• [What is required]: From the first line to the last, give the material again exactly, without the images.

• [The data]:
◆ ◆ ◆
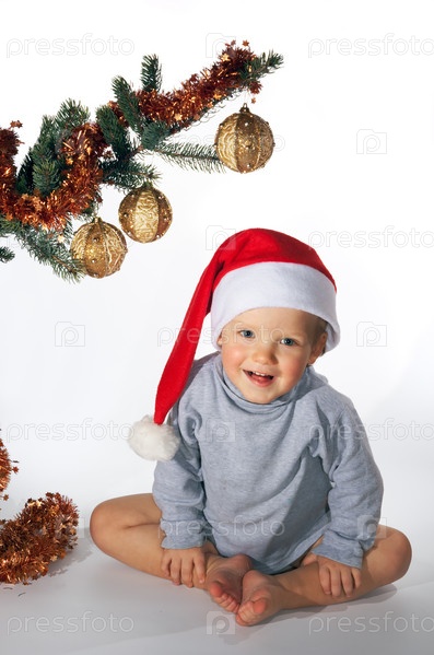 Маленький мальчик сидит под елкой на светлом фоне
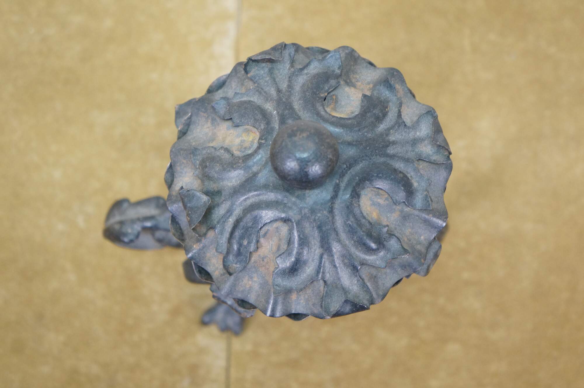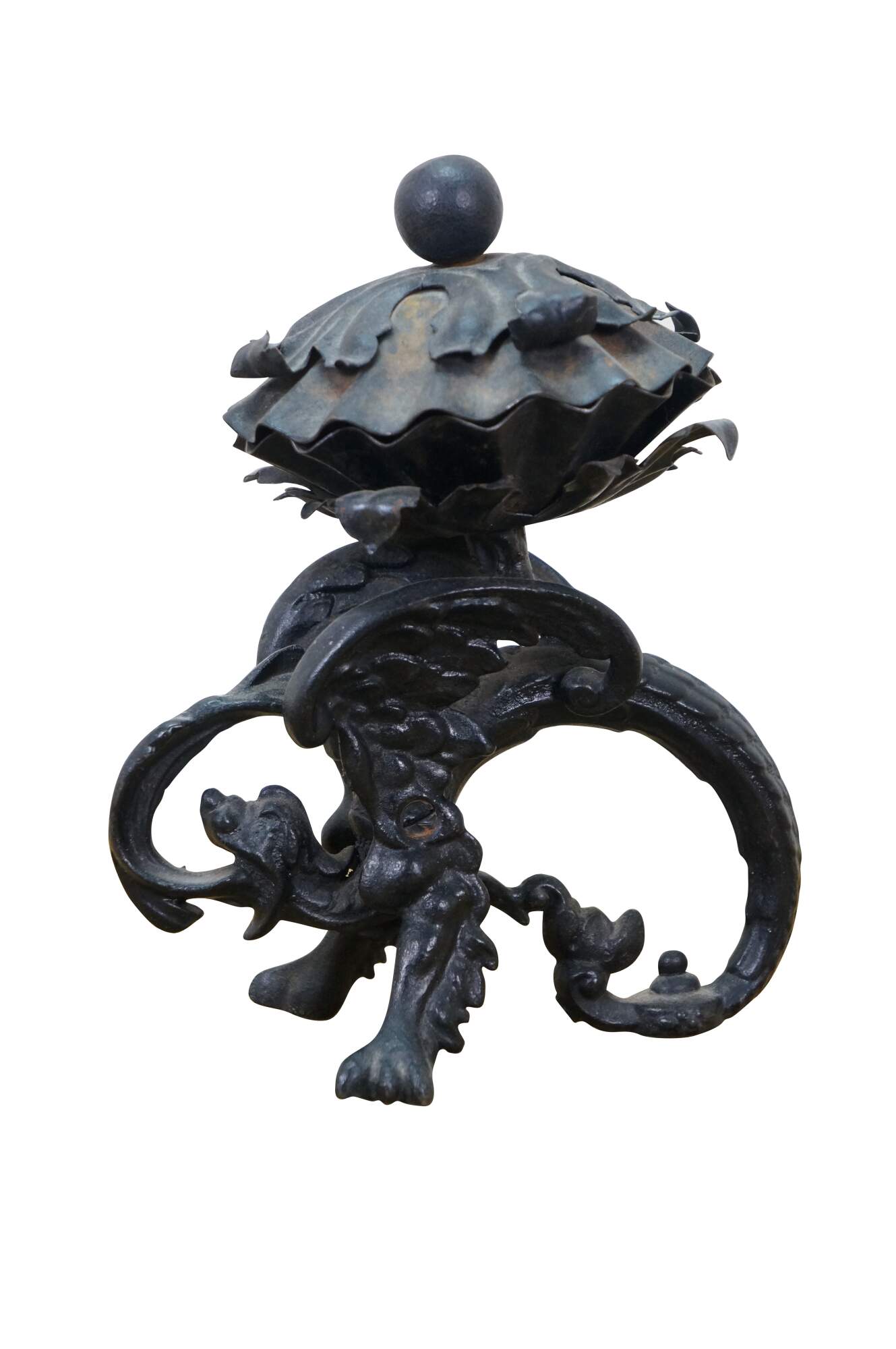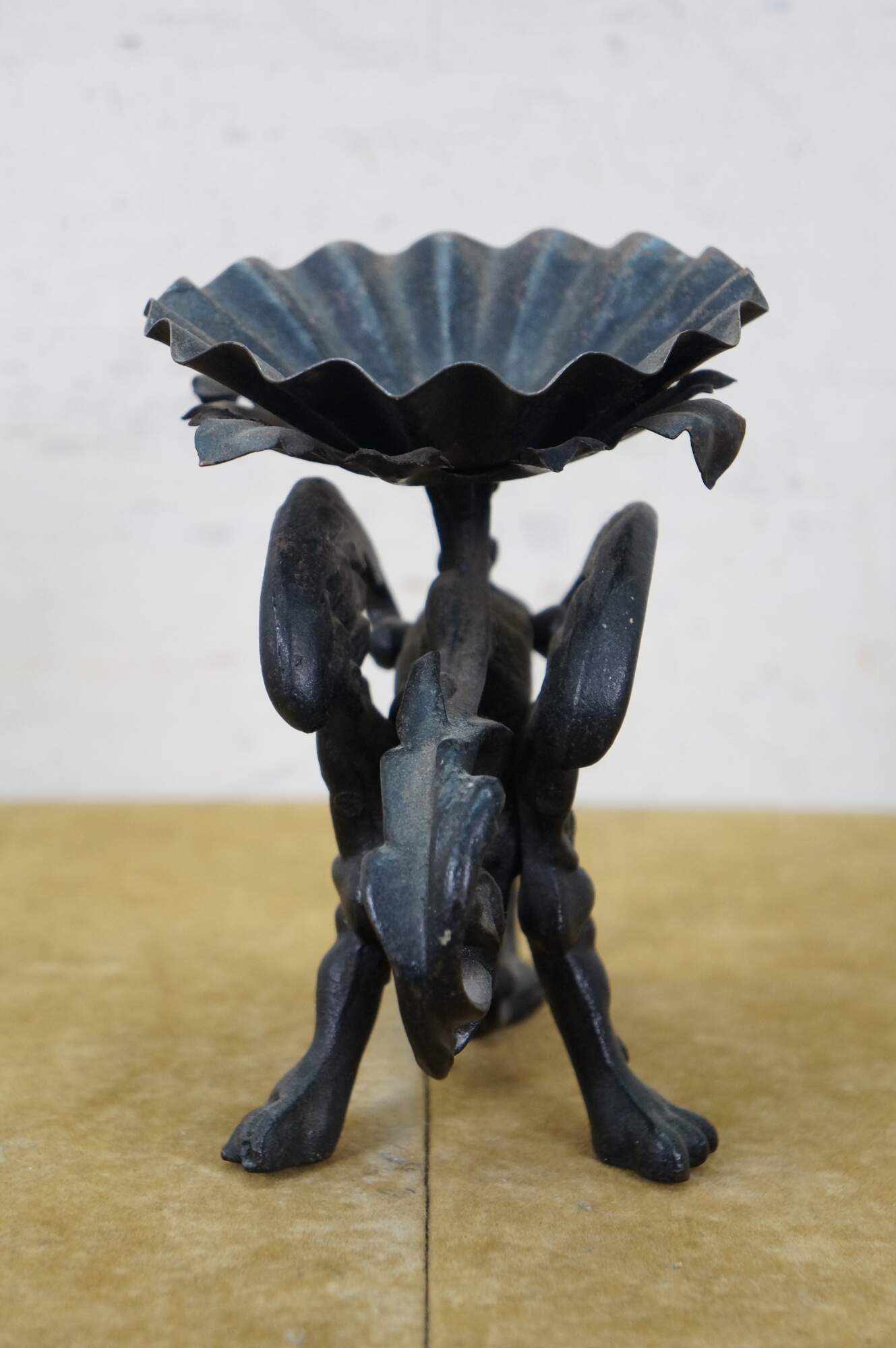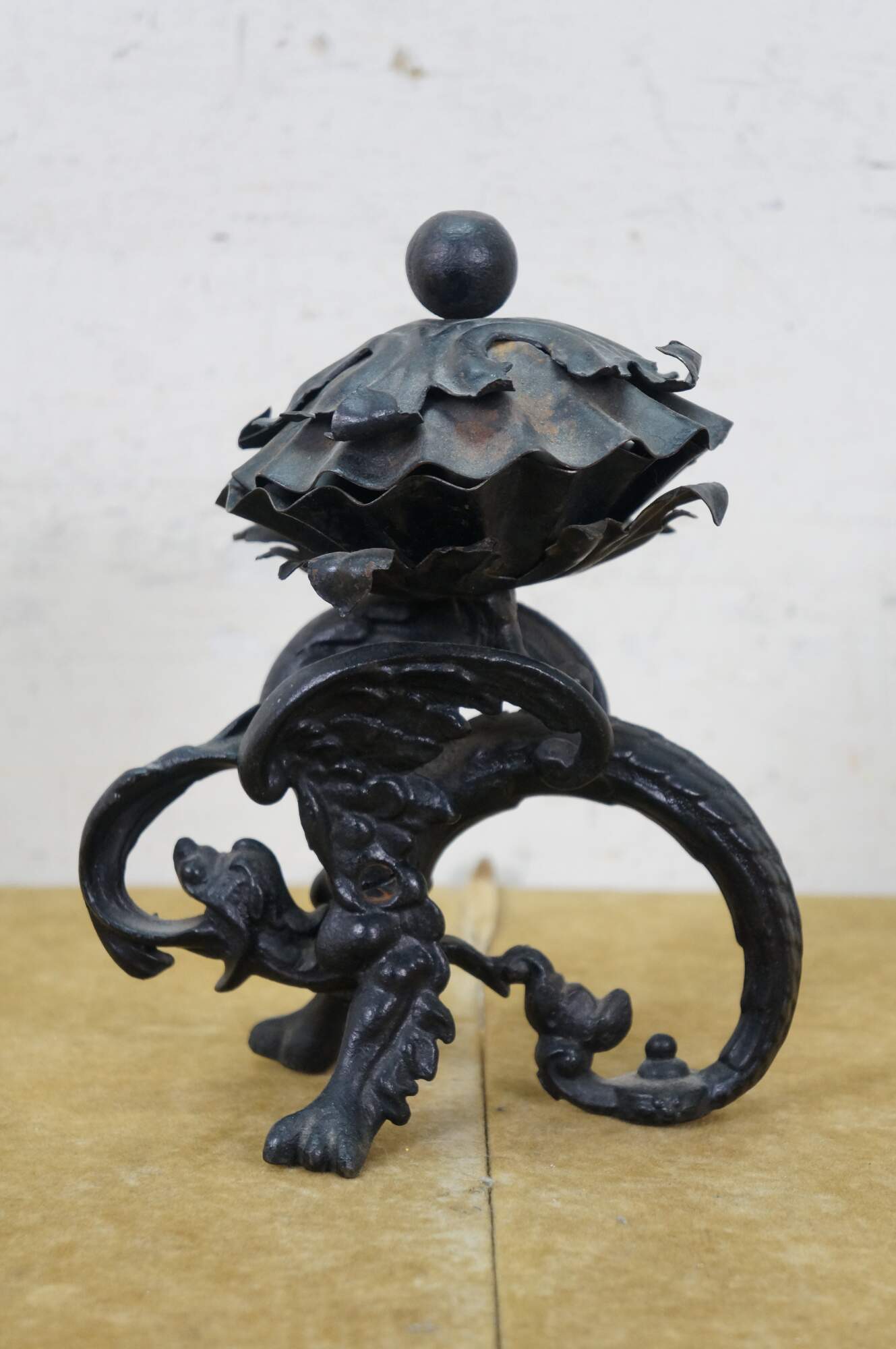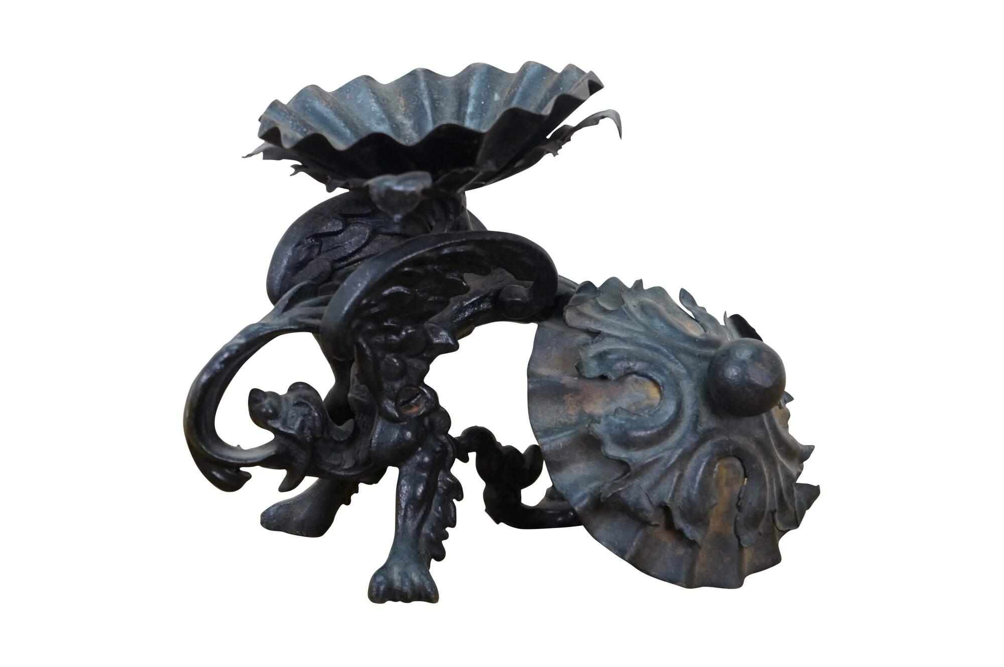 Circa mid to late 20th century black cast iron dragon or griffon breathing fire, supporting a clam shell shaped lidded candy dish / compote / incense / votive / candle holder.
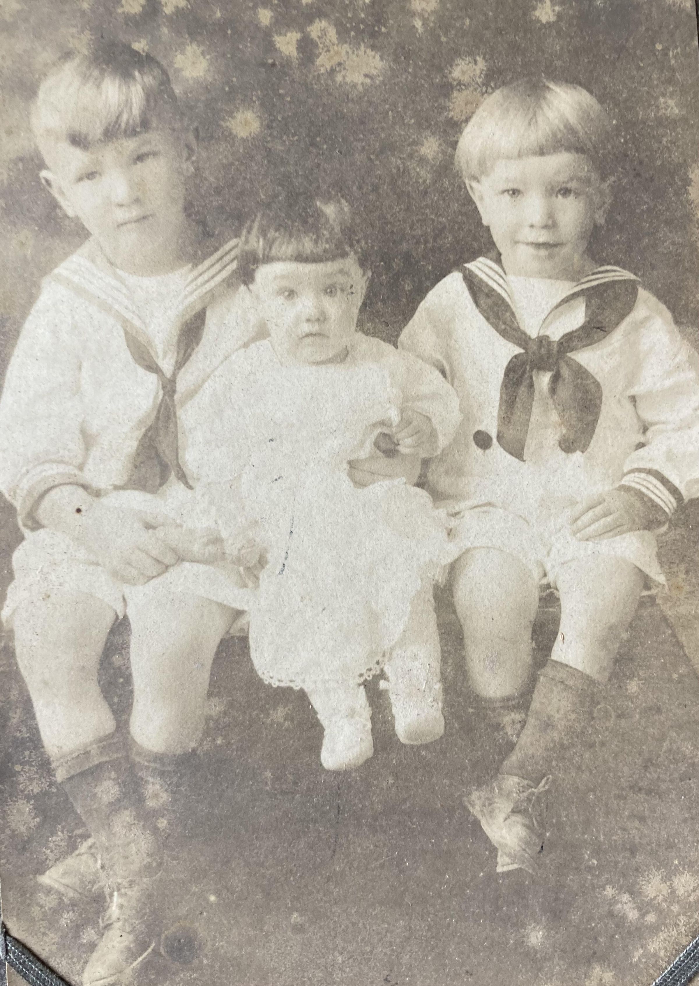 Studio portrait of three children, two boys in sailor suits and their baby sister. Connection to Islesboro not clear, but part of the Marcellus Williams bequest. Photograph somewhat damaged by mold. Sitters are identified on verso of the cardboard frame.
◆ ◆ ◆
• [Worked solution]:
 Маленький мальчик сидит под елкой на светлом фоне
 Circa mid to late 20th century black cast iron dragon or griffon breathing fire, supporting a clam shell shaped lidded candy dish / compote / incense / votive / candle holder.
 Studio portrait of three children, two boys in sailor suits and their baby sister. Connection to Islesboro not clear, but part of the Marcellus Williams bequest. Photograph somewhat damaged by mold. Sitters are identified on verso of the cardboard frame.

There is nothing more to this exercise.